## [STUDY MATERIAL]
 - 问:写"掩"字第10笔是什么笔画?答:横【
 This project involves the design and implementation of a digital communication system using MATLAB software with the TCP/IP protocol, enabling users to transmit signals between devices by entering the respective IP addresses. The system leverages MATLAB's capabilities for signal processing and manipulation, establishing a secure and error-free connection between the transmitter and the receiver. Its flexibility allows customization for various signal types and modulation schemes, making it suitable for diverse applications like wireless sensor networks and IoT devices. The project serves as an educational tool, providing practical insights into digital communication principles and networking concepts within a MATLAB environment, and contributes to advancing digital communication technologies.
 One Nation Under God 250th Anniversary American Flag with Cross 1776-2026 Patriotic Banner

---

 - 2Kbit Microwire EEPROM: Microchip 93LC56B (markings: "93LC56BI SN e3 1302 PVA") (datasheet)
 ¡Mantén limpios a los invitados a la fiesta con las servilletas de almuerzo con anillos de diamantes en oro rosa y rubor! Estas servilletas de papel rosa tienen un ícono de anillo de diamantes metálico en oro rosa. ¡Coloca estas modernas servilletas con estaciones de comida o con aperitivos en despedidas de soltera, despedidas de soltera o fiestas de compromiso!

---

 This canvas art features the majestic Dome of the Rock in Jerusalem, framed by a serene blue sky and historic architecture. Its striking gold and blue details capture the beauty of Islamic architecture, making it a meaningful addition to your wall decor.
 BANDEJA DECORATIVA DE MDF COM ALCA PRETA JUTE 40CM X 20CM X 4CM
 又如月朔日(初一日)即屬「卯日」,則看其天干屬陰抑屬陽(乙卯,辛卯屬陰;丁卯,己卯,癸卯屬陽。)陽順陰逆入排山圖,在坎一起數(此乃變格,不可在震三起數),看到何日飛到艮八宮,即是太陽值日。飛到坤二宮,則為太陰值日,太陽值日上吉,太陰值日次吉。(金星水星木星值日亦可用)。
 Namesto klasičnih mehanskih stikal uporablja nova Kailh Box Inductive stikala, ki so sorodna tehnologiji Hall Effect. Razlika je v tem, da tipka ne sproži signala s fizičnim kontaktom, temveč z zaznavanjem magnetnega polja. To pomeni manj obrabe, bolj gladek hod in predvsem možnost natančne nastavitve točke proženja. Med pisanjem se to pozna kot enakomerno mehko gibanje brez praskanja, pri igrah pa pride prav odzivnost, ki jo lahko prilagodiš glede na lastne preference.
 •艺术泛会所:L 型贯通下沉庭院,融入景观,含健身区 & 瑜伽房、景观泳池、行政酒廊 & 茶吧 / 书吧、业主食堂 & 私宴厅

## [PROBLEM DETAILS]
Only those lines of the entries above that run from the line containing "BANDEJA DECORATIVA DE" to the line containing "书吧、业主食堂 & 私宴厅", both included, should be transcribed exactly.

## [OUTPUT FOR THIS TASK]
 BANDEJA DECORATIVA DE MDF COM ALCA PRETA JUTE 40CM X 20CM X 4CM
 又如月朔日(初一日)即屬「卯日」,則看其天干屬陰抑屬陽(乙卯,辛卯屬陰;丁卯,己卯,癸卯屬陽。)陽順陰逆入排山圖,在坎一起數(此乃變格,不可在震三起數),看到何日飛到艮八宮,即是太陽值日。飛到坤二宮,則為太陰值日,太陽值日上吉,太陰值日次吉。(金星水星木星值日亦可用)。
 Namesto klasičnih mehanskih stikal uporablja nova Kailh Box Inductive stikala, ki so sorodna tehnologiji Hall Effect. Razlika je v tem, da tipka ne sproži signala s fizičnim kontaktom, temveč z zaznavanjem magnetnega polja. To pomeni manj obrabe, bolj gladek hod in predvsem možnost natančne nastavitve točke proženja. Med pisanjem se to pozna kot enakomerno mehko gibanje brez praskanja, pri igrah pa pride prav odzivnost, ki jo lahko prilagodiš glede na lastne preference.
 •艺术泛会所:L 型贯通下沉庭院,融入景观,含健身区 & 瑜伽房、景观泳池、行政酒廊 & 茶吧 / 书吧、业主食堂 & 私宴厅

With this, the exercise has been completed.